Start with three tiers:
- Service health: uptime checks (HTTP, TCP, or synthetic), basic status endpoints (
/health,/ready), dependency checks for DB, cache, and queues. - Behavioral signals: request latency percentiles (p50, p95, p99), error rates by endpoint and method, saturation (CPU, memory, disk, queue depth).
- Business signals: signups, payments, conversions, background job throughput, SLA / SLO compliance.
Then add high-signal alerts:
- Actionable thresholds (avoid alerting on noise)
- Burn-rate alerts for SLOs
- Slow or failing dependencies
The goal is: a human can immediately tell whether a blip is harmless, or if they need to jump in.
AI agent monitoring: moving from detect → triage → fix
We keep a set of auto-fix playbooks in ../netwrck/monitoring.
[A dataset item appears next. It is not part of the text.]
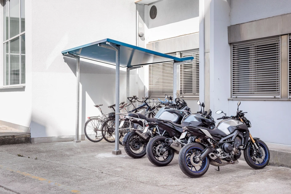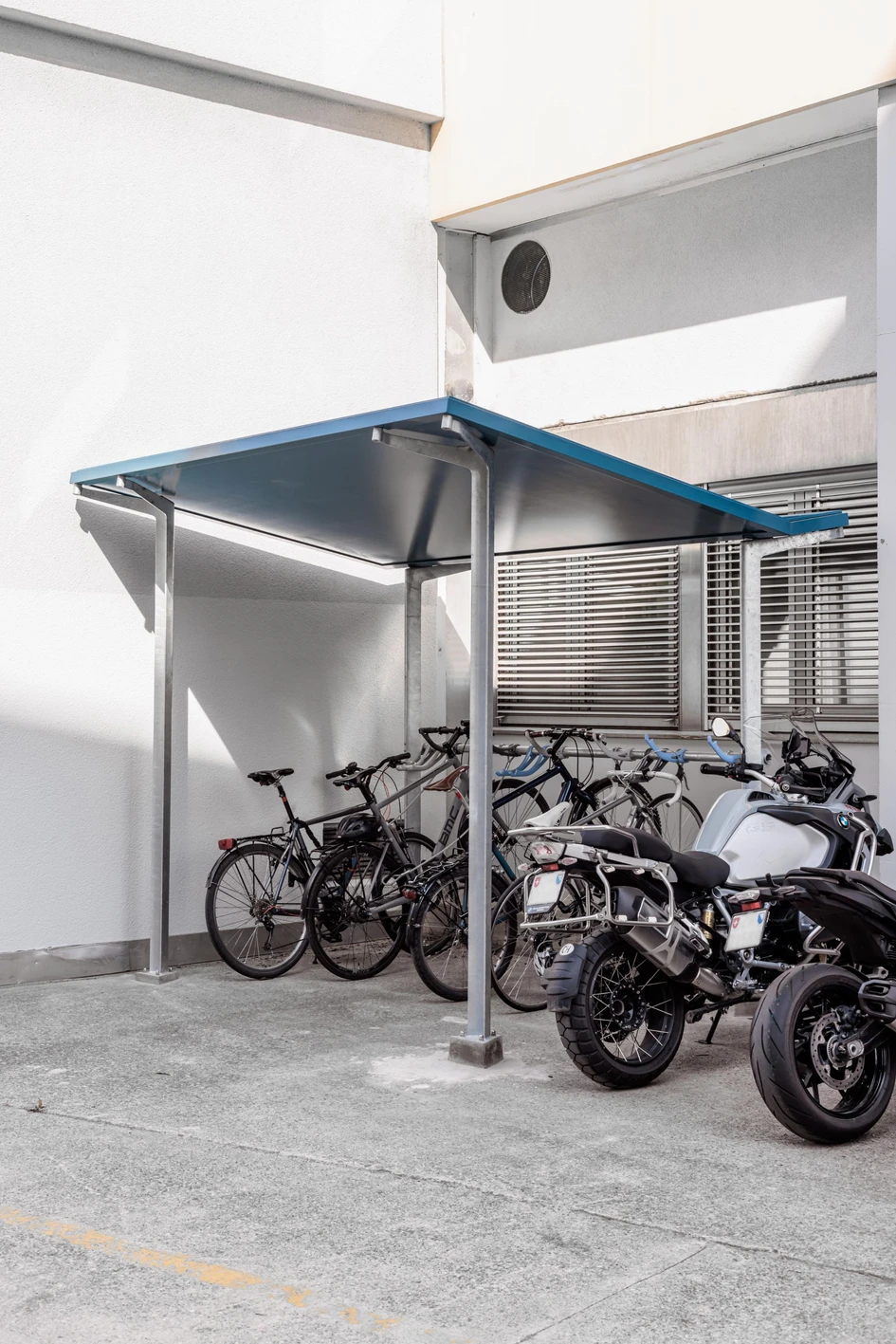 The Akira roof system can be used as a bicycle shelter, rain protection or offer much needed shade during hot summer months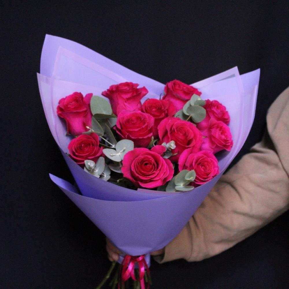 mono bouquet 69 из 11 роз сорта pink floyd с эвкалиптом

The idea is: for common, low-risk incidents, an agent can do the first round of response safely.
A good AI agent monitoring loop should:
- Detect: consume alerts with context (logs, metrics, traces), verify the alert isn’t a false positive.
- Triage: classify the failure (deploy issue, dependency outage, quota, etc.), gather evidence into a short report.
- Fix (only if safe): run predefined, reversible steps (restart, clear cache, scale up, roll back), validate success via health checks.
- Escalate: if anything is ambiguous, stop and page a human, provide evidence and a recommendation for next steps.
Guardrails for auto-fix agents
If you want automation that doesn’t scare you, add guardrails:
- Playbooks over freeform: run known scripts, don’t improvise.
- Reversibility: every action should have a rollback path.
- Dry-run and canary: test on a single host or staging first.
- Scoped credentials: minimal privileges for the agent.
- Stop conditions: if error rate doesn’t improve, halt and page.
Example: a simple auto-fix loop
Here is a typical flow we use for auto-fixing a web service:
- Monitor detects 5xx error rate > 2% for 5 minutes.
- Agent checks recent deploys and logs for crash loops.
- If a crash loop is confirmed, agent restarts the service.
- If errors persist, agent triggers rollback to the previous deploy.
- If rollback fails, page human with a concise incident summary.
This works well because the agent only touches a narrow set of safe, scripted actions. You get fast recovery without the anxiety of open-ended automation.
Final thoughts
Supervisor vs systemd isn’t a battle of good vs bad. It’s about who owns the machine and how much control you need. The bigger win is pairing your process manager with a monitoring system that doesn’t just wake you up, but can also help fix obvious, safe failures automatically.
If you’re building a monitoring system today, aim for this progression:
- Detect fast
- Triage with context
- Fix when safe
- Escalate when not
That’s the difference between observing your systems and actually operating them.